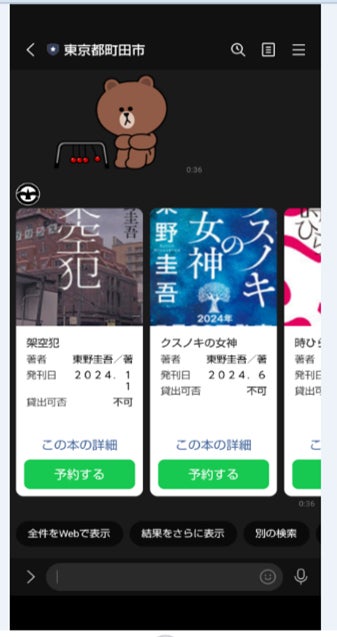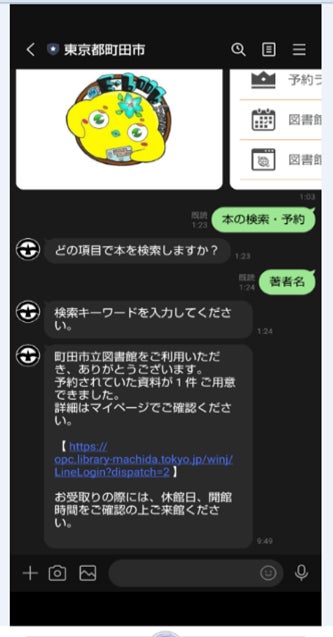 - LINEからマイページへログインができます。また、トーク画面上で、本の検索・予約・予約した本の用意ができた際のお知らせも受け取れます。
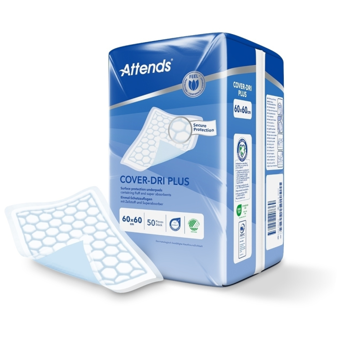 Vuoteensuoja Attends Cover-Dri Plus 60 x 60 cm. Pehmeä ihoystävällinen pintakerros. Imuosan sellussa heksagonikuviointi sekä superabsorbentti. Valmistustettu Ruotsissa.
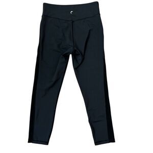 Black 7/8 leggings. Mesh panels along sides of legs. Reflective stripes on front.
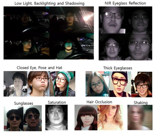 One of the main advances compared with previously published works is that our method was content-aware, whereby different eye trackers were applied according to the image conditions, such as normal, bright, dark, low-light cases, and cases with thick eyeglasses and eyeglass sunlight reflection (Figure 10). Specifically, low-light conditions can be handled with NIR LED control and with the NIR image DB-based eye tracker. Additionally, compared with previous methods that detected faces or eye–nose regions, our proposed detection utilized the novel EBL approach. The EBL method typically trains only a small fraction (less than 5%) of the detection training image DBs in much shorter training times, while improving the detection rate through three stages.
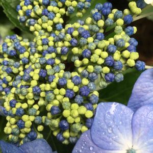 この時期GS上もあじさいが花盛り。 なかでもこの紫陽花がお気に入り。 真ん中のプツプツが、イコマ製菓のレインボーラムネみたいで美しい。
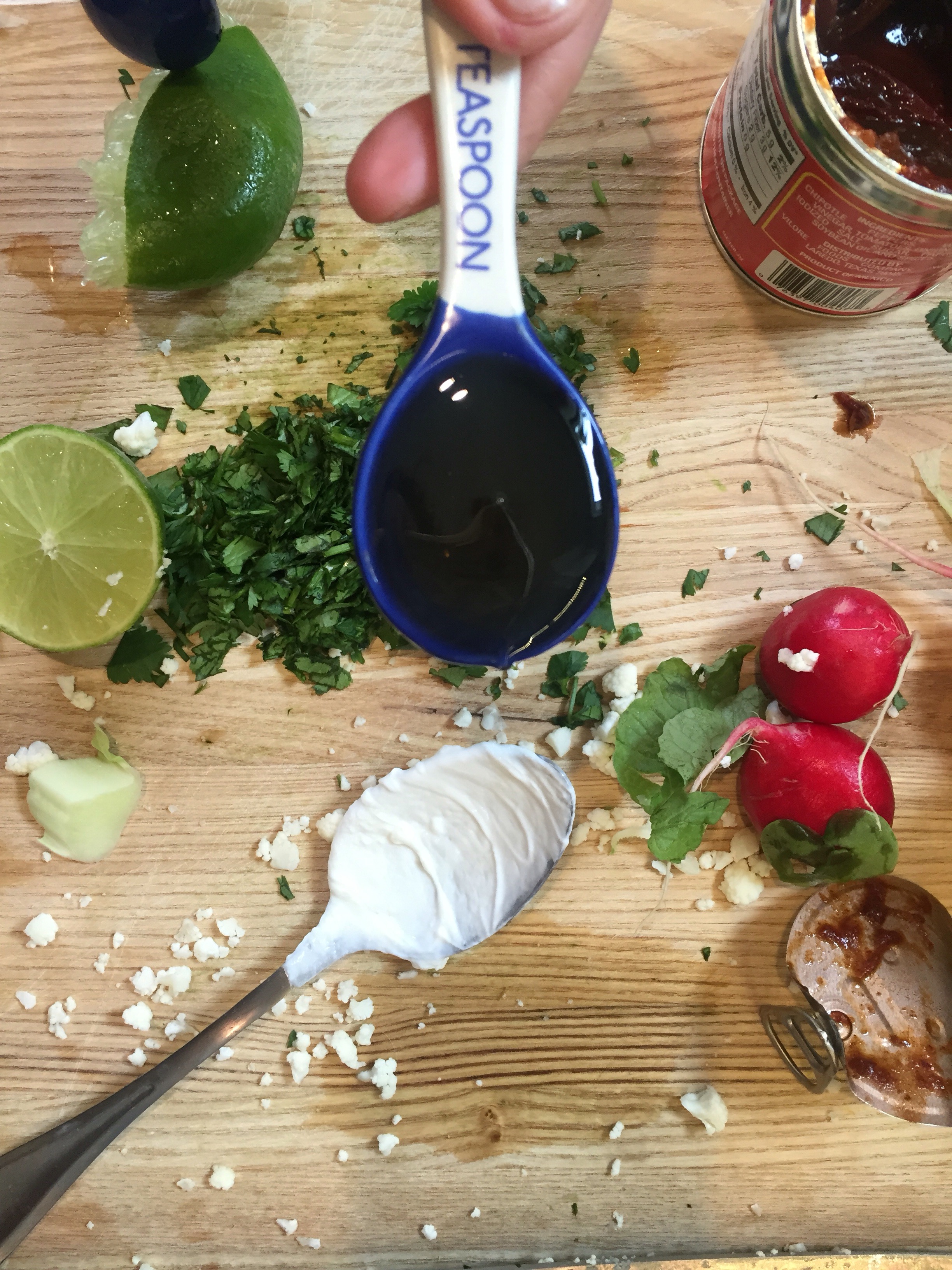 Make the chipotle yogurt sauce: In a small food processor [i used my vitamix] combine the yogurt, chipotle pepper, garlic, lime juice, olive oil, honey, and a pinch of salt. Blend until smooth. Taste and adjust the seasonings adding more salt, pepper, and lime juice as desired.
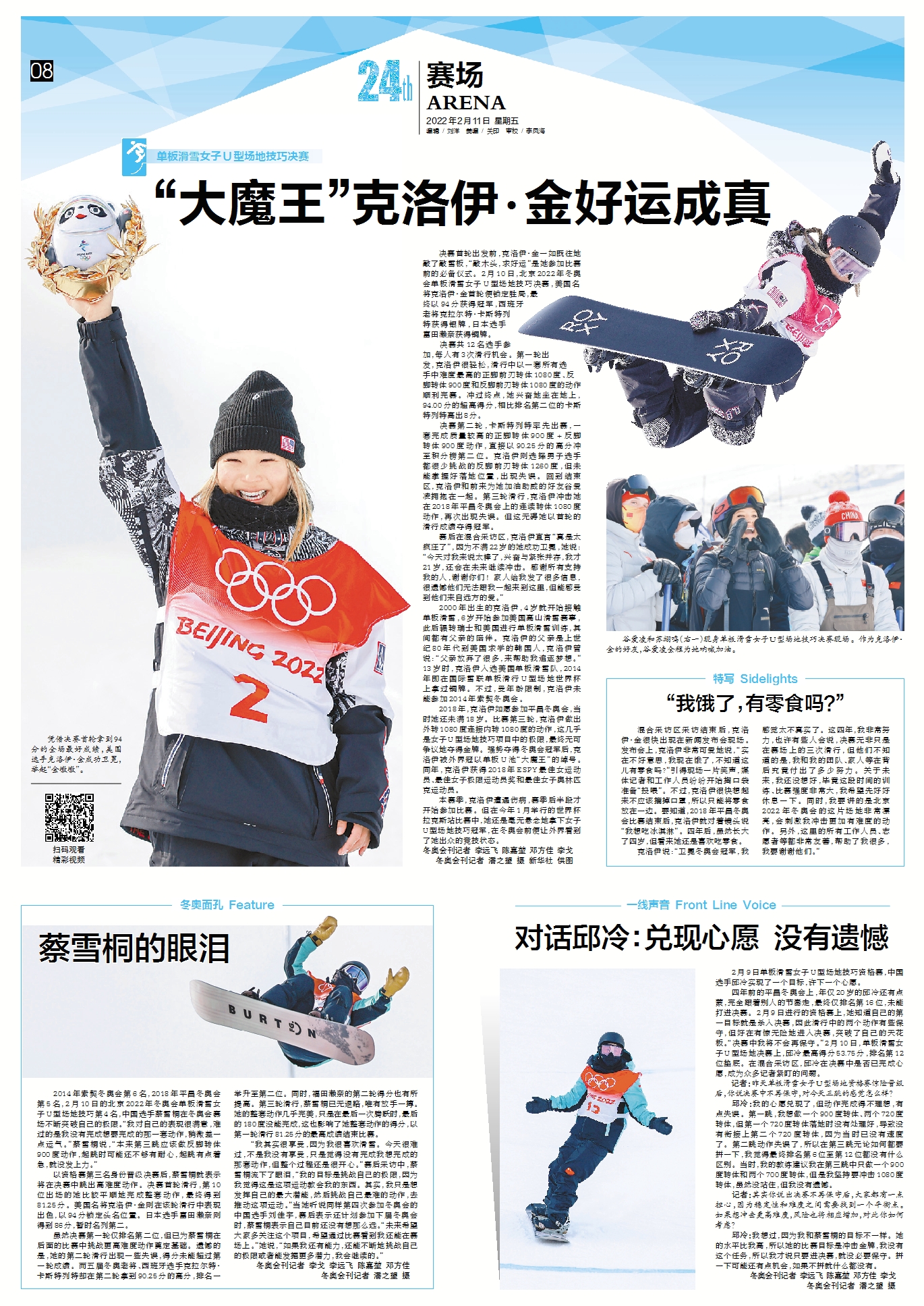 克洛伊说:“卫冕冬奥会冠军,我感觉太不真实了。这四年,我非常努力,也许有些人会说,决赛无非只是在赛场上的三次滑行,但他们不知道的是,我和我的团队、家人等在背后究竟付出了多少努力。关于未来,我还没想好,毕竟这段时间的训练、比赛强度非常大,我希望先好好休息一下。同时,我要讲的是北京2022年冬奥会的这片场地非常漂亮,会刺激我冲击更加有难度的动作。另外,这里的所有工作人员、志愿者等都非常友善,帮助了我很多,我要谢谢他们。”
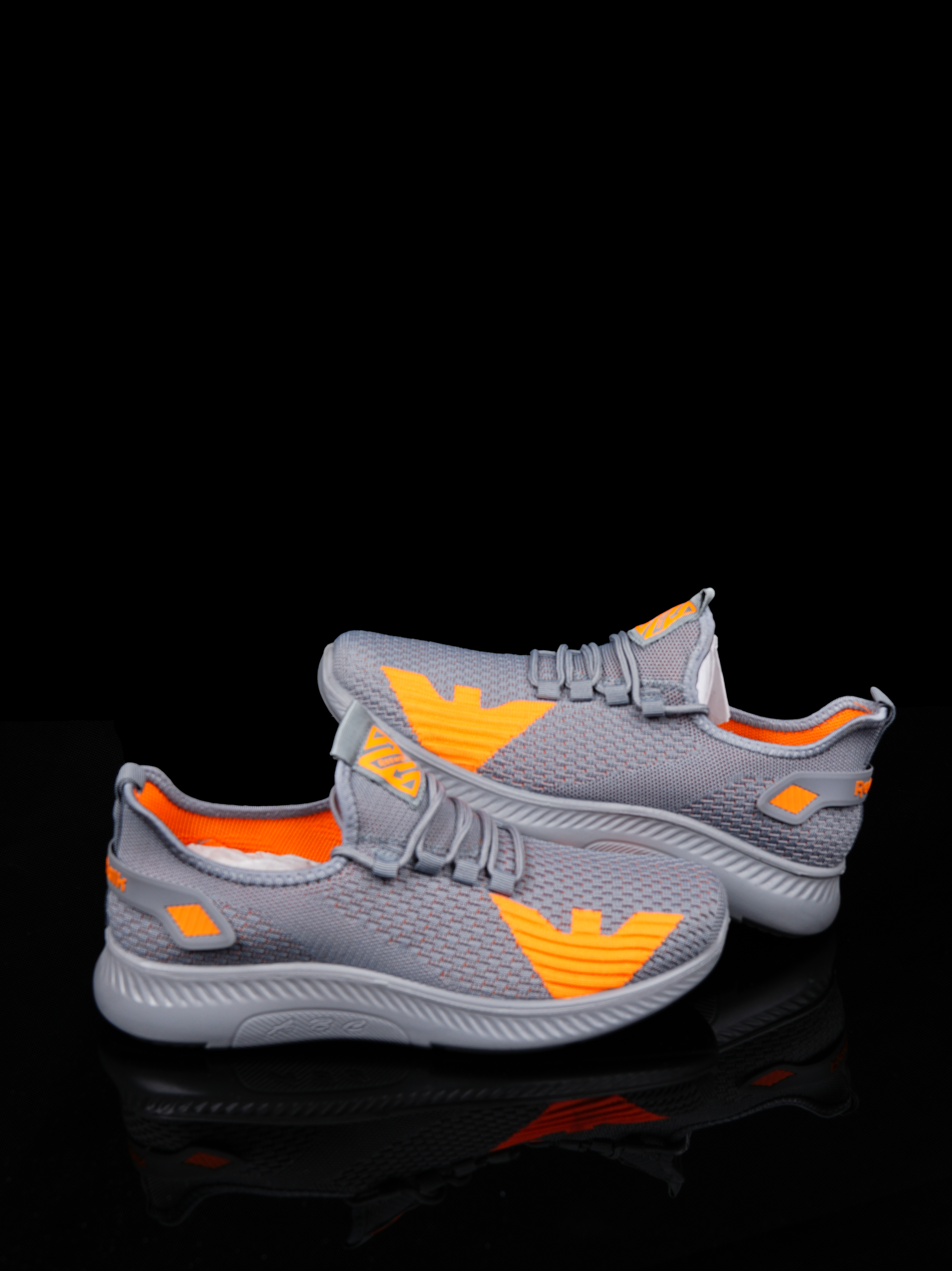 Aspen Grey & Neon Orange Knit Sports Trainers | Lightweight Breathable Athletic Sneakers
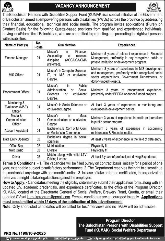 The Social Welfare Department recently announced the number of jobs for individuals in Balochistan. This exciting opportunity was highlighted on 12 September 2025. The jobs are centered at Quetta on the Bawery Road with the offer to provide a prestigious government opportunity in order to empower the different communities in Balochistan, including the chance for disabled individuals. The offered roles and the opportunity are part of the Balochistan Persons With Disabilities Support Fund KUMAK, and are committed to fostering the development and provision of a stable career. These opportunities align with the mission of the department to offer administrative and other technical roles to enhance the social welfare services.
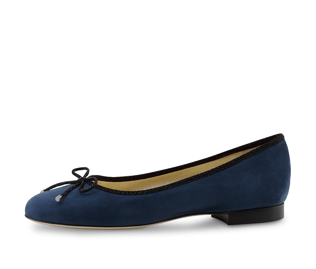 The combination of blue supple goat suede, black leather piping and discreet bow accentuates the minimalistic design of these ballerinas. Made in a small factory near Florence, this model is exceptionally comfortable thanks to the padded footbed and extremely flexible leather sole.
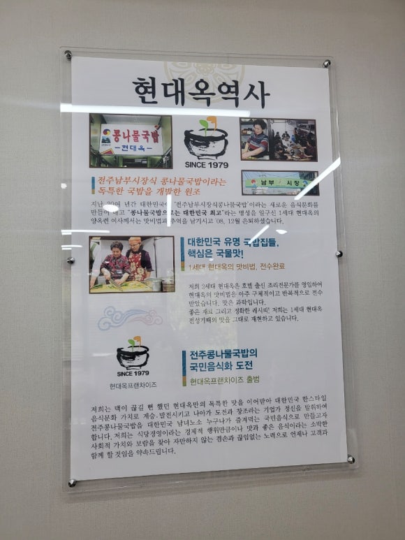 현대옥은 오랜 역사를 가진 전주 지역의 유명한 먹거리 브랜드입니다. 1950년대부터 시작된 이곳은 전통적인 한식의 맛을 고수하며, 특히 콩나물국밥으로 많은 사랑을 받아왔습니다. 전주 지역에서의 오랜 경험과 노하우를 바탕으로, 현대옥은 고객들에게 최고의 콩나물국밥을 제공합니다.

* * *

→ TASK TO COMPLETE
Repeat the data above exactly, leaving out any pictures it holds.

→ WRITTEN SOLUTION
 - LINEからマイページへログインができます。また、トーク画面上で、本の検索・予約・予約した本の用意ができた際のお知らせも受け取れます。
 Vuoteensuoja Attends Cover-Dri Plus 60 x 60 cm. Pehmeä ihoystävällinen pintakerros. Imuosan sellussa heksagonikuviointi sekä superabsorbentti. Valmistustettu Ruotsissa.
 Black 7/8 leggings. Mesh panels along sides of legs. Reflective stripes on front.
 One of the main advances compared with previously published works is that our method was content-aware, whereby different eye trackers were applied according to the image conditions, such as normal, bright, dark, low-light cases, and cases with thick eyeglasses and eyeglass sunlight reflection (Figure 10). Specifically, low-light conditions can be handled with NIR LED control and with the NIR image DB-based eye tracker. Additionally, compared with previous methods that detected faces or eye–nose regions, our proposed detection utilized the novel EBL approach. The EBL method typically trains only a small fraction (less than 5%) of the detection training image DBs in much shorter training times, while improving the detection rate through three stages.
 この時期GS上もあじさいが花盛り。 なかでもこの紫陽花がお気に入り。 真ん中のプツプツが、イコマ製菓のレインボーラムネみたいで美しい。
 Make the chipotle yogurt sauce: In a small food processor [i used my vitamix] combine the yogurt, chipotle pepper, garlic, lime juice, olive oil, honey, and a pinch of salt. Blend until smooth. Taste and adjust the seasonings adding more salt, pepper, and lime juice as desired.
 克洛伊说:“卫冕冬奥会冠军,我感觉太不真实了。这四年,我非常努力,也许有些人会说,决赛无非只是在赛场上的三次滑行,但他们不知道的是,我和我的团队、家人等在背后究竟付出了多少努力。关于未来,我还没想好,毕竟这段时间的训练、比赛强度非常大,我希望先好好休息一下。同时,我要讲的是北京2022年冬奥会的这片场地非常漂亮,会刺激我冲击更加有难度的动作。另外,这里的所有工作人员、志愿者等都非常友善,帮助了我很多,我要谢谢他们。”
 Aspen Grey & Neon Orange Knit Sports Trainers | Lightweight Breathable Athletic Sneakers
 The Social Welfare Department recently announced the number of jobs for individuals in Balochistan. This exciting opportunity was highlighted on 12 September 2025. The jobs are centered at Quetta on the Bawery Road with the offer to provide a prestigious government opportunity in order to empower the different communities in Balochistan, including the chance for disabled individuals. The offered roles and the opportunity are part of the Balochistan Persons With Disabilities Support Fund KUMAK, and are committed to fostering the development and provision of a stable career. These opportunities align with the mission of the department to offer administrative and other technical roles to enhance the social welfare services.
 The combination of blue supple goat suede, black leather piping and discreet bow accentuates the minimalistic design of these ballerinas. Made in a small factory near Florence, this model is exceptionally comfortable thanks to the padded footbed and extremely flexible leather sole.
 현대옥은 오랜 역사를 가진 전주 지역의 유명한 먹거리 브랜드입니다. 1950년대부터 시작된 이곳은 전통적인 한식의 맛을 고수하며, 특히 콩나물국밥으로 많은 사랑을 받아왔습니다. 전주 지역에서의 오랜 경험과 노하우를 바탕으로, 현대옥은 고객들에게 최고의 콩나물국밥을 제공합니다.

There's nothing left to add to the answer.